How everything turns away

Paul Bunyan
Image: John Vachon

Wild Bill Jones - Sam Amidon

About suffering they are never wrong, these old mountain songs. Life -- and death -- is what happens while you're mundanely living it. While you're sleeping, tangled careless in bedclothes; or strolling the aisles of a supermarket with your little brown handbasket, scanning the shelves for anchovies and oatmeal; or dancing
at a wedding reception, flatfooted and arms flailing, shouting vain requests to a scornful DJ. That's when violence visits some man, unknown to you, with a flash of gunmetal, a flare of light, a scream, a moan. In just a second ... two, three, four. That's when another man discovers he holds a hot revolver in his very own hand -- and has shot a poor boy body and soul.

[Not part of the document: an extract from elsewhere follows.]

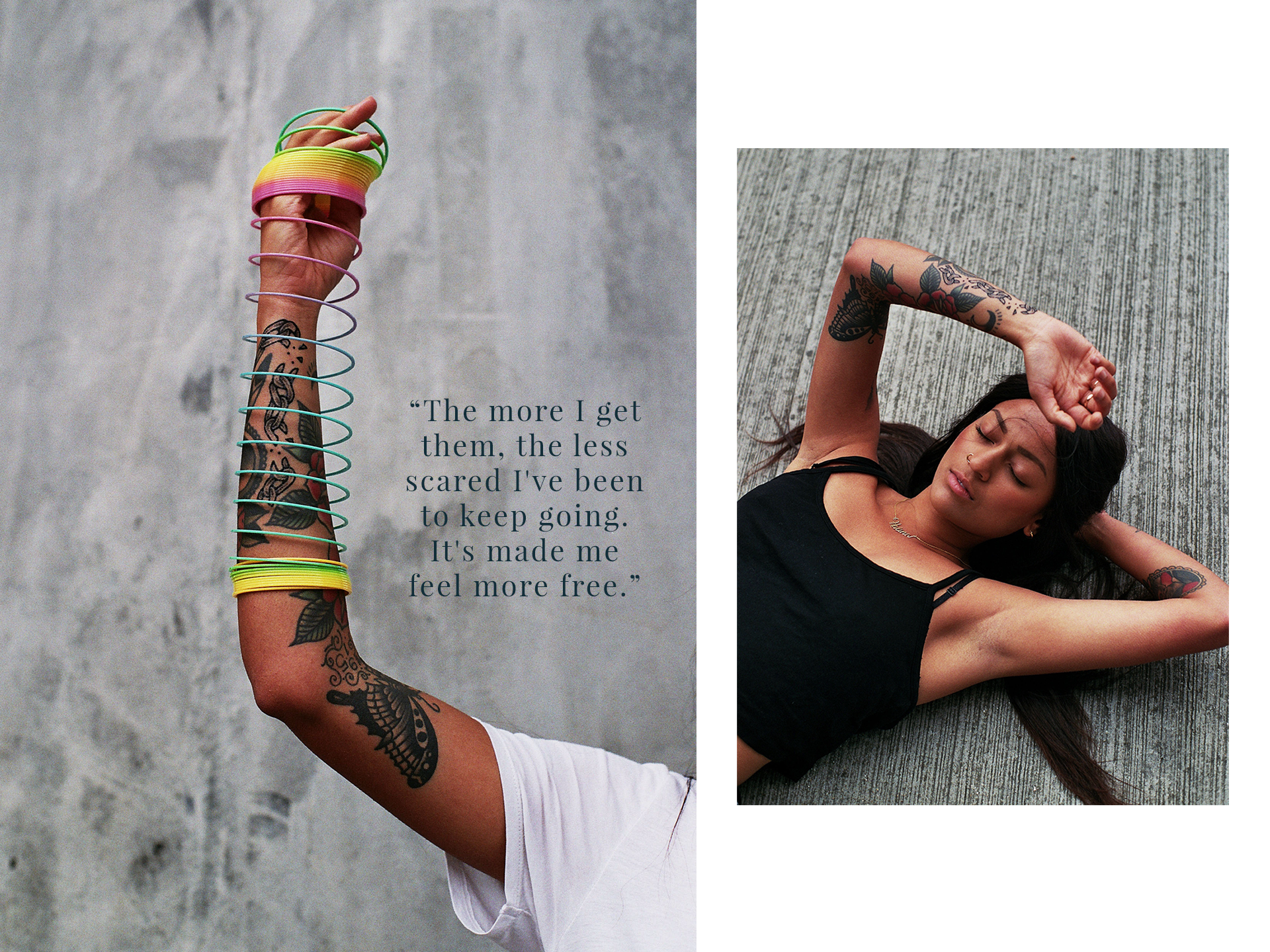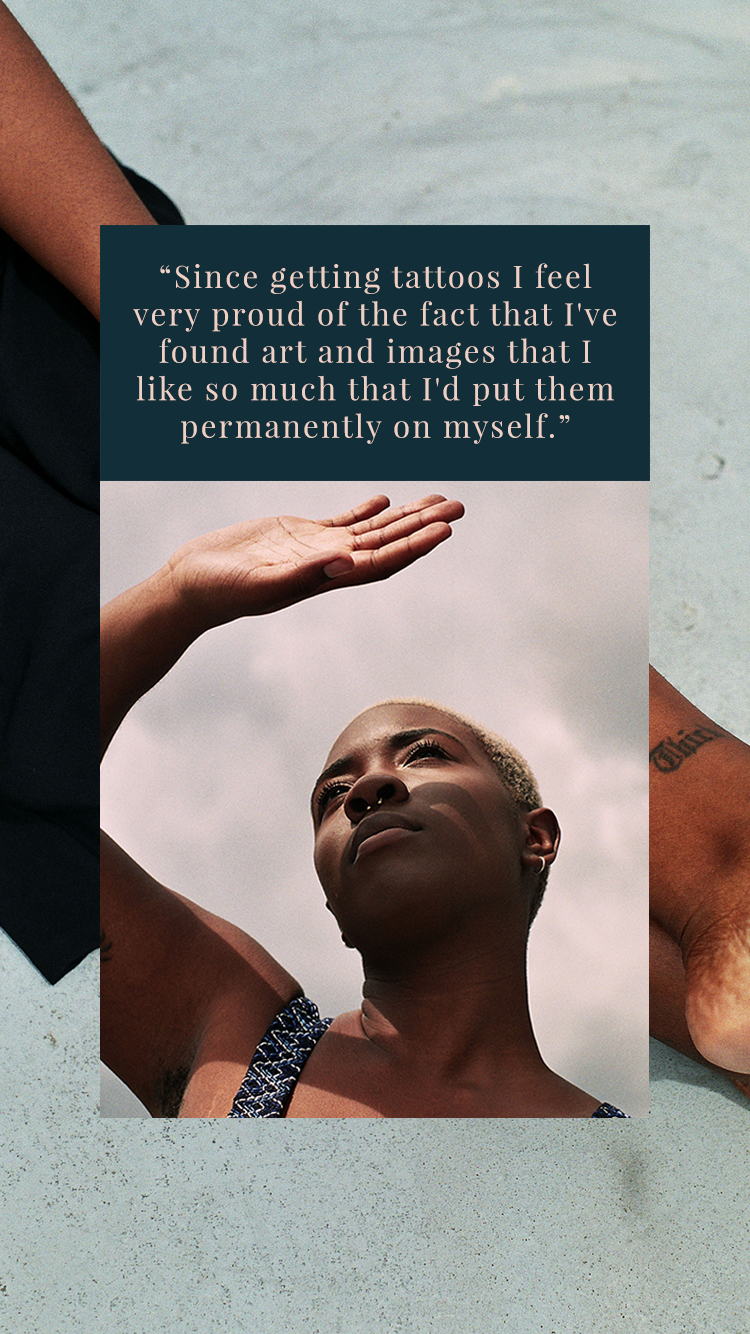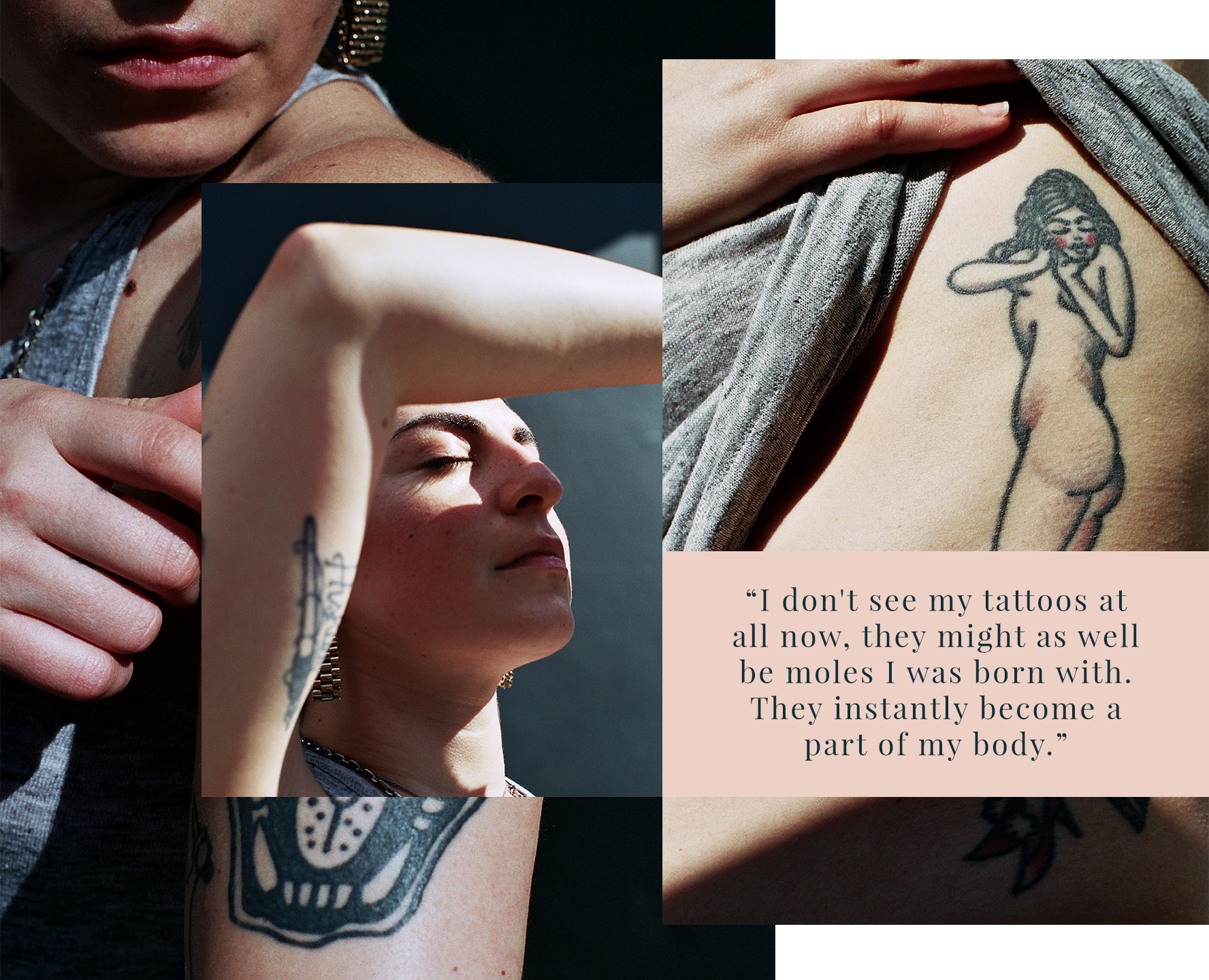 Manchmal kann meine Beziehung zu meinen Tattoos schwierig sein. Wenn mein Körperbewusstsein schwach ist, schaue ich sie an und denke mir „oh Gott, was hast du getan?” Es ist als wären sie schon immer Teil von mir und meiner Haut gewesen. Wenn mein Körperbewusstsein also gut ist, bin ich happy über meine Tattoos und will, dass man sie sieht. Es ist ein fließender Übergang der Emotionen.

Other performers of "Wild Bill Jones" have tried to explain the narrator's cruel action, why a seemingly modest, law-abiding citizen shoots on small provocation and becomes an outlaw. In some versions, he is drunk, in others, Wild Bill Jones pulls a knife first. Sam Amidon, in his careful, considered way offers little context and no excuse. His flat-voweled, everyman twang, his da da da da, isn't unkind. But Amidon, like his 19th century predecessors, assumes you know what life is -- brutal, unfair, inexplicable. He assumes you know that while a small human drama plays out, birds carry on building their nests in treetops, a nearby creek's fierce onrush never pauses, a child in a house a half mile away sits down at the kitchen table, lays out her homework and turns on the radio, as she does every school night after dinner. And tonight no different. He assumes you know that a sudden act of violence is just a tiny knot in a sprawling tapestry, an unimportant failure, a murmur drowned out by the bleating, booming, humming, singing, ticking glory of oblivious life bustling all around, beautiful and terrifying, wild and sublime.

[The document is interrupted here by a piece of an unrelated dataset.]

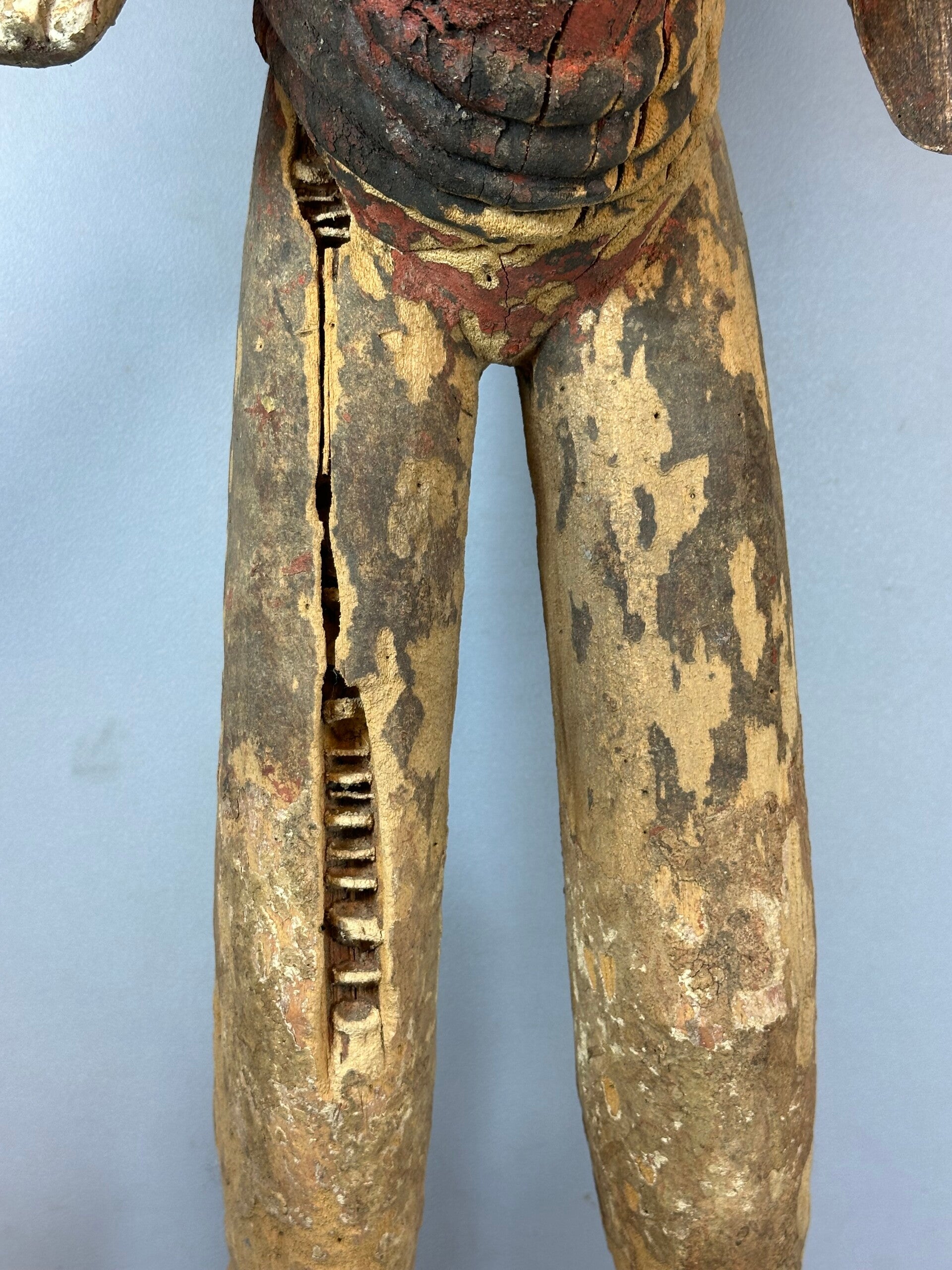 The scarification marks on the stomach and chest are for beautification and indicate the individual was a completely socialized adult who had undergone rigorous training to become a member of the community. The carved spirals around the legs represent anklets, which are worn at the prerogative of the ozo titleholder. The figure was primarily red originally, probably the result of having been rubbed with camwood, much as the Igbo do to beautify themselves. Traces of red and ochre are still visible. White chalk rubbed on the face symbolizes purity, beauty and sanctity. Although the figure was most often clothed when honored in the shrine, the detailed scarification of the torso, the leg bangles and the careful depiction of genitalia are the carver’s way of clearly identifying the figure.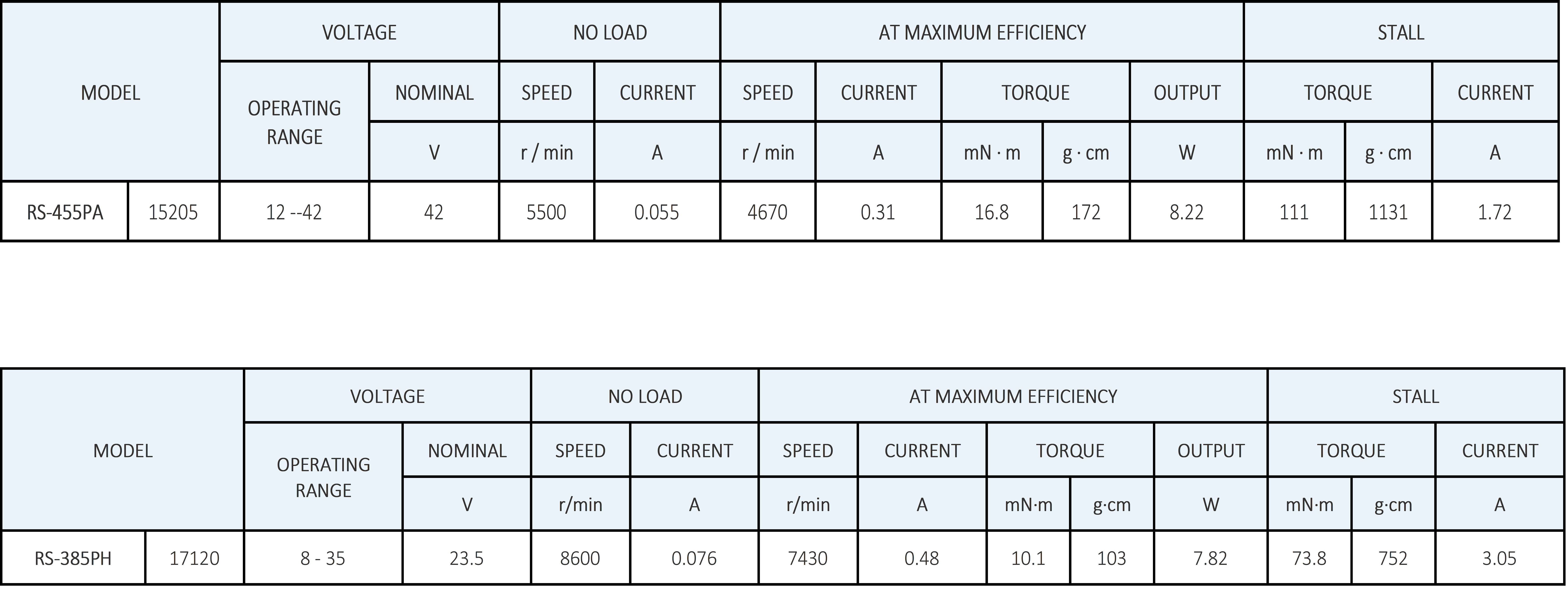 Through my searches on internet, perhaps these motors belong to the MABUCHI MOTOR manufacturer. But I could not find out the specifications of these motors on MABUCHI MOTOR website according to the order number written on the motors body. I only saw two DC motors equivalent to my printer motors, as follows:

With his wonderous plain voice and a small orchestra, Sam Amidon tells nine more stories on All Is Well, which is due for release in February (preorder), Myspace.

3 Comments:

Blogger Unknown said...

oh man, awesome writeup. i love how you don't take the route of cool, fetishising amorality: "little failures". yes!

9:57 PM  
Blogger Amy said...

Your wish, my command, etc. Re route: probably because I'm not cool or amoral (no comment on fetishes). Also, I had an assist from WH Auden.

8:37 AM  
Anonymous Anonymous said...

Hey, a great review, really! I like your style of writing! Very enjoyable.